Consider that real total trade (exports plus imports) in 1955 equaled 6.3 percent of real U.S. GDP. That grew to 32.3 percent in 2018. U.S. exports as a share of the economy jumped from 2.8 percent of GDP to 13.7 percent over this period, and imports from 3.6 percent of GDP to 18.6 percent. Indeed, growth in trade equals or accounts for a significant portion of U.S. economic growth, for example, 41.2 percent of U.S. real growth since 1980.

Meanwhile, the vast majority of U.S. businesses involved in trade are small and mid-size firms. For example, 76.1 percent of U.S. exporters have fewer than 20 employees; 86.6 percent fewer than 50 workers; 91.8 percent fewer than 100 employees; and 97.5 percent fewer than 500 workers. Importing also is about small business, with 76.1 percent of U.S. importers having fewer than 20 employees; 86.1 percent fewer than 50 workers; 91.3 percent fewer than 100 employees; and 97.3 percent fewer than 500 workers.

So, given the importance of trade to the economy and small business, the role of freight railroad in international trade cannot be ignored. In a March 2017 study from the Association of American Railroads titled “Freight Railroads & International Trade,” it was reported:

• “42% of rail carloads and intermodal units are directly associated with international trade.”

• “35% of annual rail revenue is directly associated with international trade.”

• “Robust international trade means more jobs for U.S. railroaders. The rail trade data discussed above implies that approximately 50,000 rail jobs, worth over $5.5 billion in annual wages and benefits, depend directly on international trade. This does not include other significant job-related impacts, including employees at ports who handle shipments moving by rail, jobs at firms that supply goods and services to railroads and others in support of trade-related rail movements, and secondary and tertiary job impacts derived from the expenditures of railroad employees, port employees and their suppliers.”

So, the importance of free trade to railroads and small businesses is clear.

Railroads and Regulation: The Problem in the Past

Considering the role that freight railroads play in the economy and among entrepreneurial sectors, it is crucial that lawmakers maintain a positive, pro-growth policy climate for railroads.

In short, regulators must reject policies that mistakenly attempt, once again, to treat railroads like utilities subject to strict rate regulation in its business transactions.

As already indicated, railroads were once subject to such government intrusion. The extensive and destructive reach of federal over-regulation of railroads has been widely reported, including being noted in SBE Council’s “All Aboard! Entrepreneurs and Small Business Power America’s Freight Railroads” study. Key points:

• “In 1887, the Interstate Commerce Commission was established. The ICC came to rule over the railroad industry by setting prices, having approval over adding new routes and removing old routes, and deciding whether or not mergers could occur. As time wore on, of course, the market changed, with competition from, for example, trucks and air transport.”

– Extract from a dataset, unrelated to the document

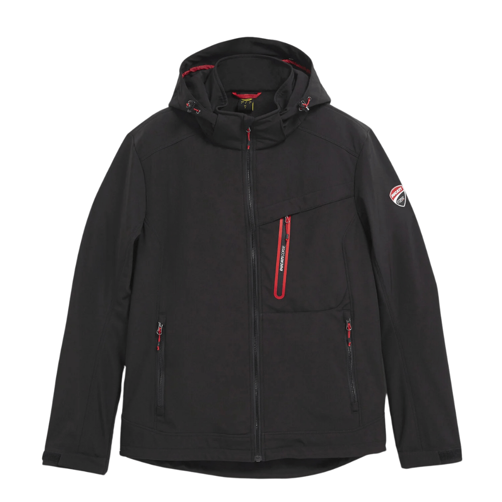 Veste softshell griffée DUCATI CORSE. Capuche détachable avec triple réglage, deux poches latérales et une à glissière sur le devant, poche intérieure avec velcro®. Dos allongé, pour une coupe plus seyante. Taille ajustable avec cordon de serrage. Manches ergonomiques avec poignets ajustables
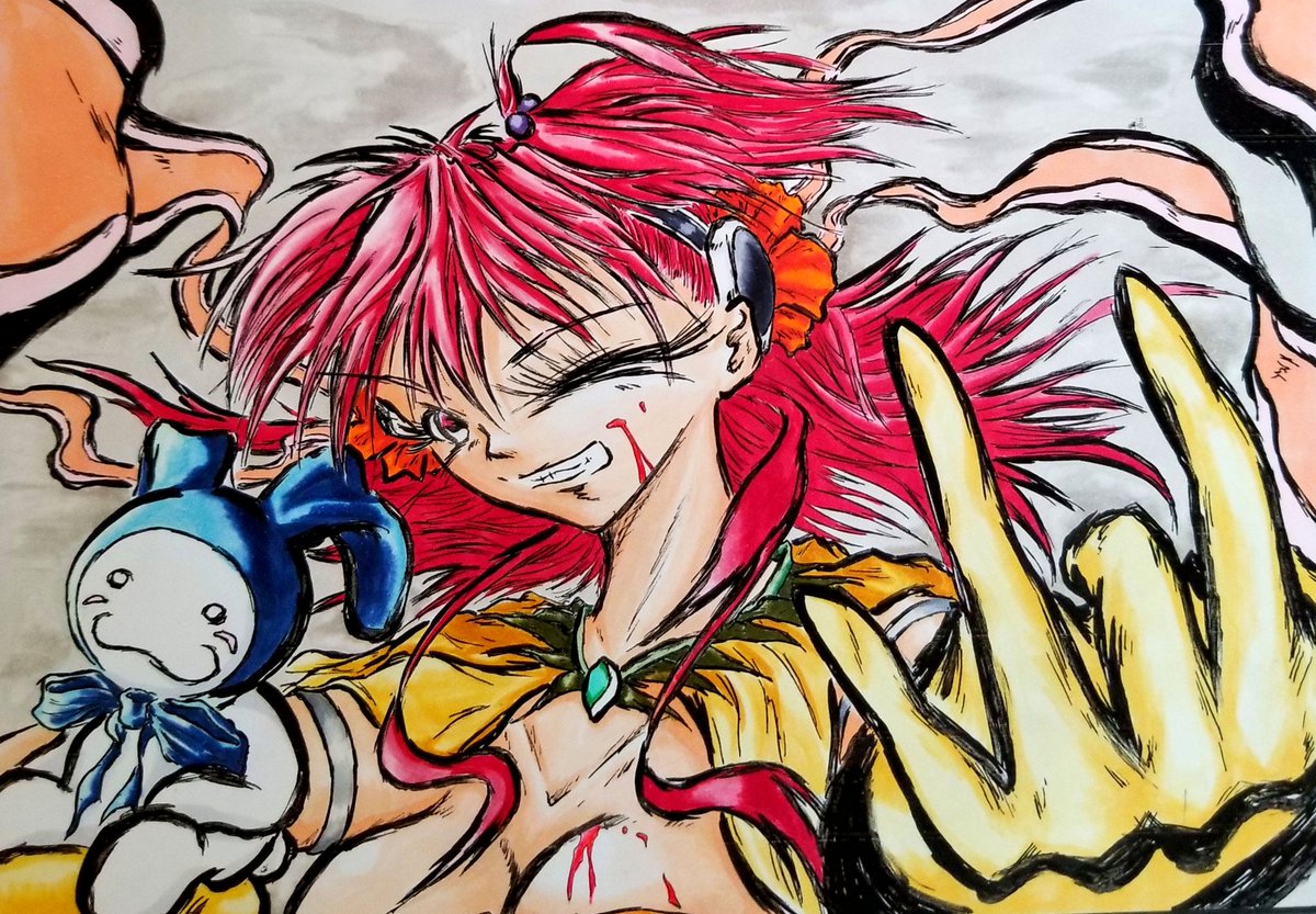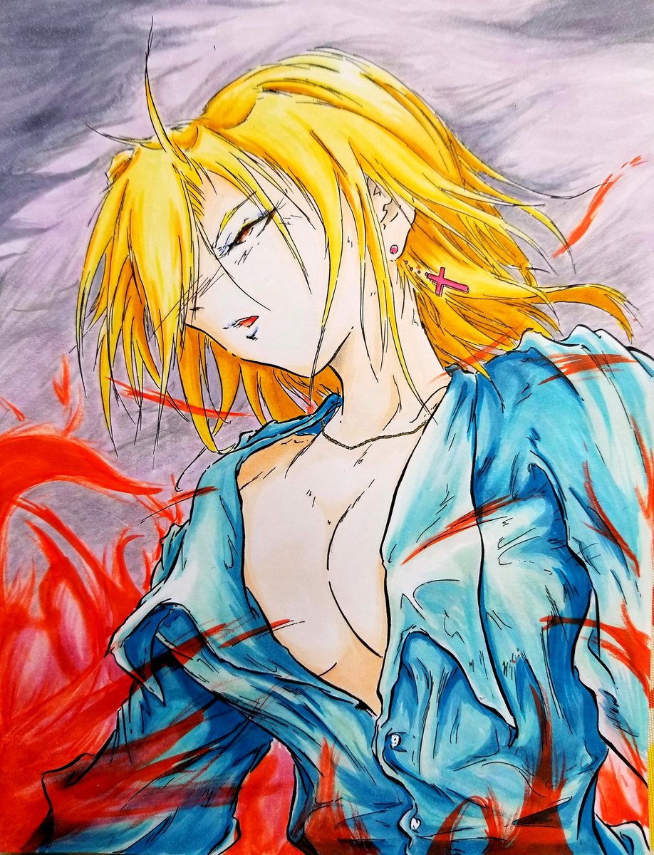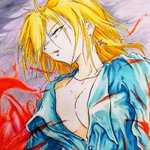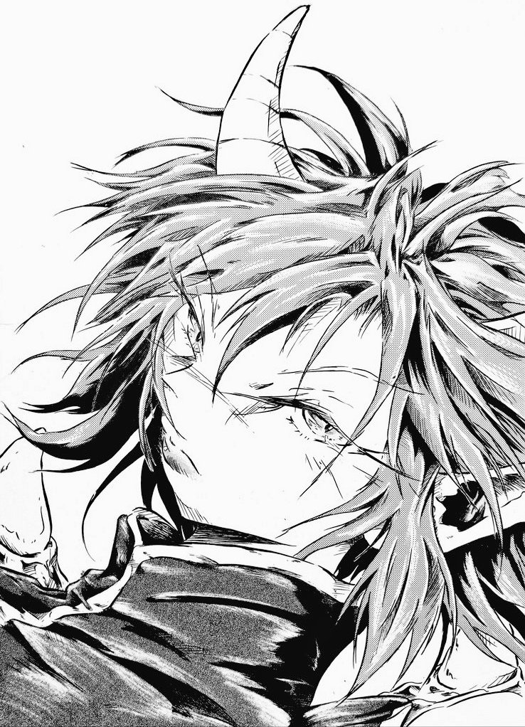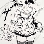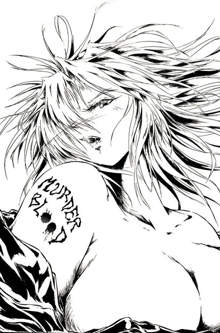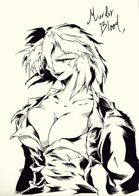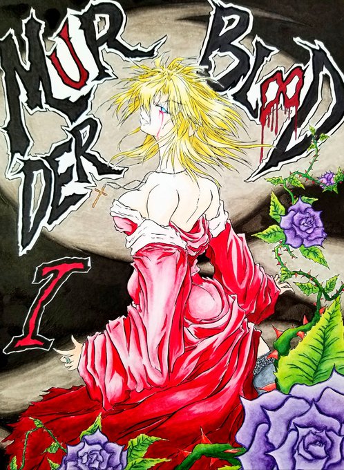 #自分の代表作だと思う絵を一枚だけ選んでみよう やっぱりこの1枚ですかね。 自分の(一応)代表作であります「MURDER BLOOD」の1巻表紙を飾った絵ですし、一時期アイコンにしていたこともあるので。表紙絵として最初描いた絵を没にして描き直した、という意味で思い入れもあるイラストですね。

• “As the Federal Railroad Administration reported: ‘Prior to 1980, economic regulation prevented railroads from any flexibility in pricing needed to meet both intra as well as intermodal competition. Regulation also prohibited carriers from restructuring their systems, including abandoning redundant and light density lines, a necessity for controlling cost. Added to these problems was the industry’s inability to cover inflation due to the regulatory time lag in rate adjustments. As a consequence, nine carriers were bankrupt, the industry had a low return on investment and was unable to raise capital, and faced a steady decline in market share.’”[i]

• “The Congressional Budget Office also noted: ‘For most of the 20th century, federal regulation kept the railroad industry in the United States in a disequilibrium that was characterized by excess capacity. That was particularly true in the East and Midwest, where numerous competing railroads had sought to capture larger shares of the market by building ahead of demand. The overcapacity was exacerbated by regulatory controls that prevented railroads from shedding underused and unprofitable lines.’”[ii]

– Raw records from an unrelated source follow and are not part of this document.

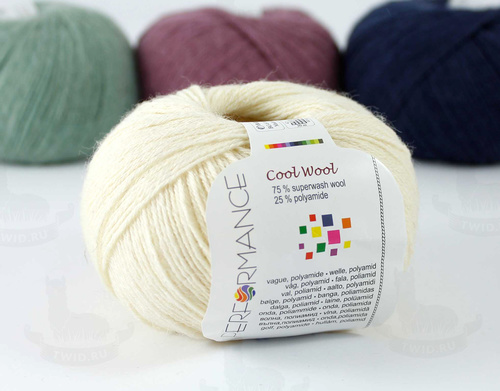 Cool Wool 4-ply от Performance — носочная однотонная пряжа с классическим составом, 4-ниточной круткой и метражом 400м/100г. Подойдет для вязания тёеплых носочков. Шерстяная на ощупь. На детскую пару небольшого размера достаточно будет одного мотка, на взрослые/подростковые носки — два мотка. Рекомендуемые спицы 2-3 мм. Плотность указанная производителем в 10*10 см — 30 п. х 42 р.
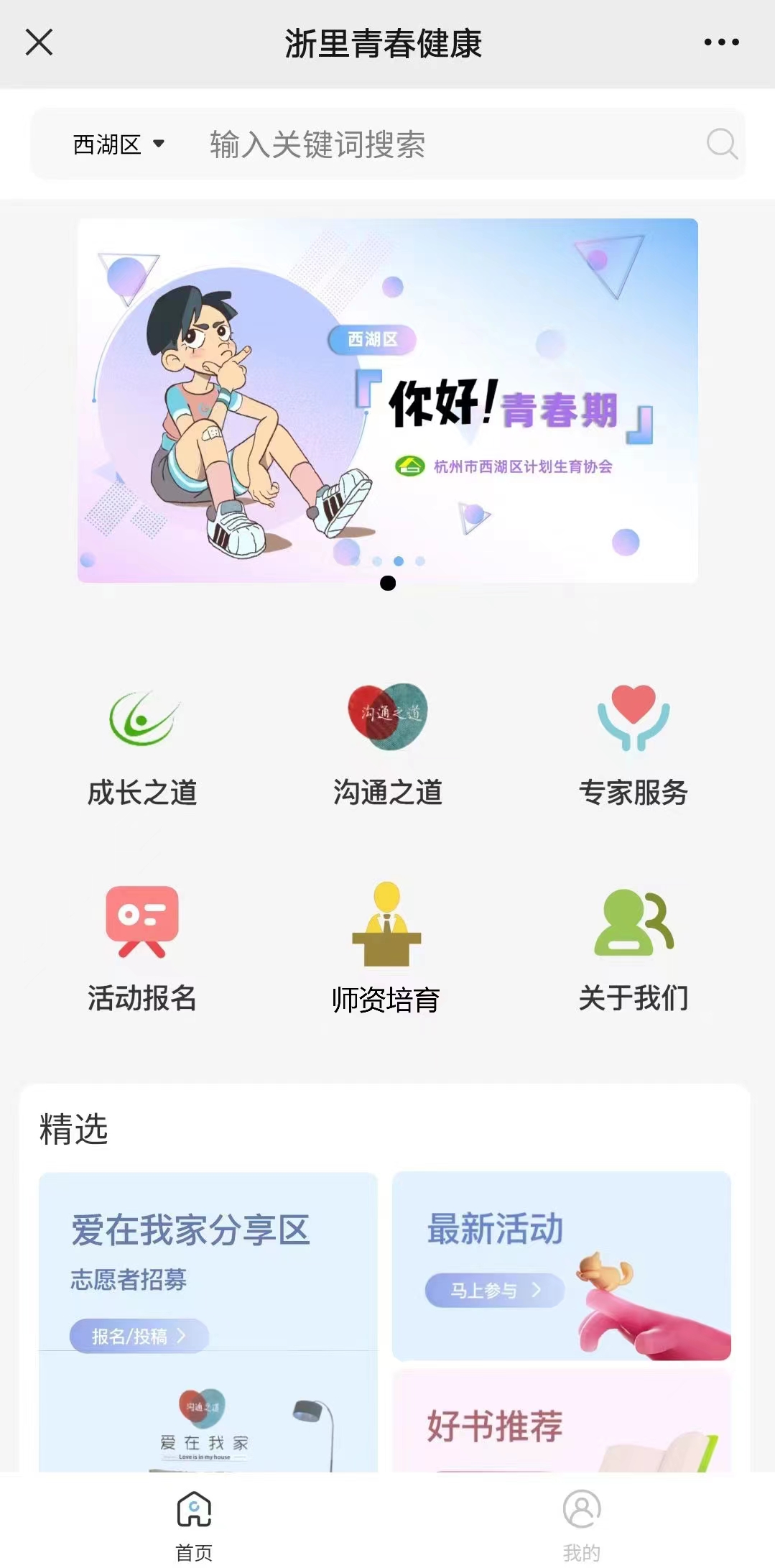 “你好,青春期”青春健康数字应用场景主要面向青少年和青少年家长提供科学、适宜、专业的性与生殖健康教育服务。该场景在“健康西湖”微信公众号上线,共设有“成长之道、沟通之道、专家服务、活动报名、师资培育、关于我们”六大版块。
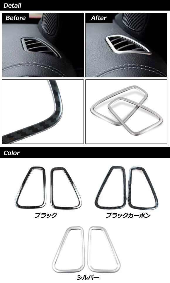エアコンダクトカバー メルセデス・ベンツ Aクラス W177/V177 A180,A200,A250 2018年10月~ シルバー ステンレス製 入数:1セット(2個)
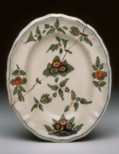 piatto ovale con tesa lievemente centinata; decoro policromo
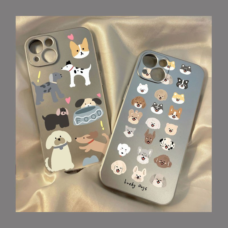 卡通小狗手机壳适用于苹果15promax金属银iPhone14小众13软壳12/1
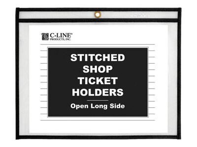 Store and maintain work orders, inventory cards, or other documents with these clear job/shop ticket holders. The strong, rigid clear vinyl lets you read pages and shields contents from dirt or moisture, and the reinforced stitched edge adds durability for long-term use. These C-Line job/shop ticket holders open along the side to remove or insert pages quickly.
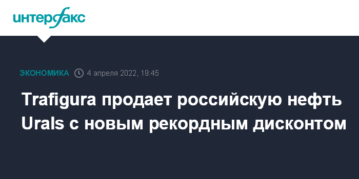 Москва. 4 апреля. INTERFAX.RU - Международный трейдер Trafigura предлагает нефть марки Urals с поставкой 20-24 апреля с дисконтом в минус $34,8 к бенчмарку Dated Brent, сообщает агентство Bloomberg.

• “In a report from the American Association of Railroads, it was explained, ‘By the 1970s, eight decades of over-regulation had brought America’s freight railroads to the brink of ruin. More than 20 percent of rail mileage was owned by bankrupt railroads; safety was deteriorating; and tracks, locomotives, and freight cars were falling apart and railroads couldn’t afford to repair them. Railroads were unable to provide the safe, efficient, cost-effective rail service that American businesses need to grow.’”[iii]

Railroads and Regulation: The Fix

After a mistaken and costly step in nationalizing a variety of failed railroads, the railroad industry only returned to health and profitability after Congress passed and President Jimmy Carter signed into law the Staggers Rail Act of 1980. The Staggers Act partially deregulated railroads in terms of setting prices for services and setting rail rates, making decisions regarding what routes to use, and establishing shipper contracts, that is, allowing freight railroads to make decisions based on market conditions.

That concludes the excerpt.